Harris decried abortion bans without exceptions for rape or incest, passed in the wake of Roe’s reversal. “Understand what that means ― a survivor of a crime, a violation of their body, does not have the right to make a decision about what happens to their body next,” she said. “That is immoral.”
“I think the American people believe that certain freedoms, particularly freedom to make discussions about one’s own body, should not be made by the government,” she continued.
Harris’ answer, both passionate and detailed, was a far cry from how President Joe Biden, during his one debate against Trump before he dropped out, prosecuted the issue against the Republican candidate.
When asked about abortion — which is supposed to be the issue where the Democratic Party has the largest advantage for the coming election — Biden confusingly redirected his answer to focus on immigration, an area where Republicans are seen to be stronger.
“Look, there are so many young women who have been, including a young woman who just was murdered, and he went to the funeral. And the idea that she was murdered by an immigrant coming in, to talk about that. But here’s the deal. There’s a lot of young women are being raped by their in-laws, by their, by their spouses. Brothers and sisters, by — it’s just ridiculous,” Biden said at the time.
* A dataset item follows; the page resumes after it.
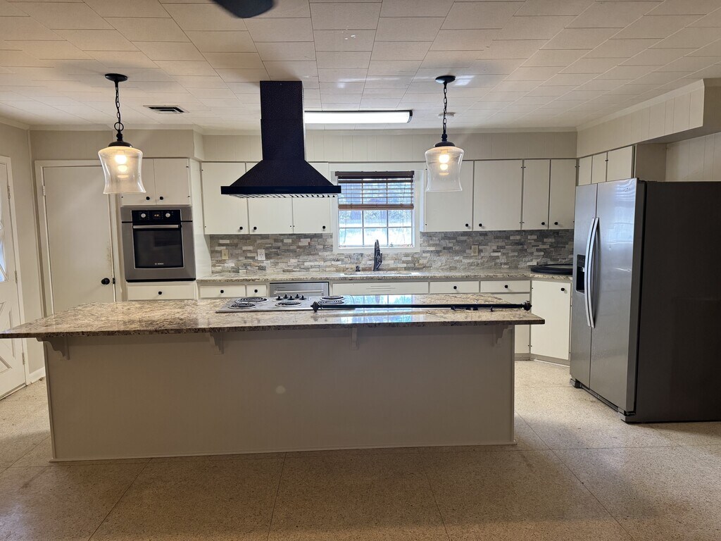 3 Bedroom 3 bath office sunroom outdoor kitchen with gas stove stove and refrigerator in house 2 acres fenced in with gated dive way 30x50 shop with covered area on the side 2-50 amp hook ups tenant pays for -electricity -water

Harris spokesman Ian Sams said after the debate that the abortion exchange went over well with battleground-state voters participating in dial tests — where voters grade candidates’ performances in real-time by moving a dial up or down depending on how they feel about what the candidate is saying.
“Her answers in the abortion exchange were very high,” Sams said. The only higher-testing moment, he said, came when Harris responded to Trump questioning her racial identity by reiterating that she wants to bring Americans together.
Trump Occasionally — Very Occasionally — Hit His Marks
At both the start and end of the debate, Trump was able to zero in on the economy and immigration to attack Harris. As both campaigns seek primarily to define the Democrat, who is still new on the campaign stage, rather than redefine Trump, the former president’s advantages on these issues have helped keep him neck-and-neck with Harris in the polls.
“She’s been there for three-and-a-half years. They’ve had three-and-a-half years to close the border, they’ve had three-and-a-half years to create jobs,” Trump said in his closing statement. “Why haven’t they done it?”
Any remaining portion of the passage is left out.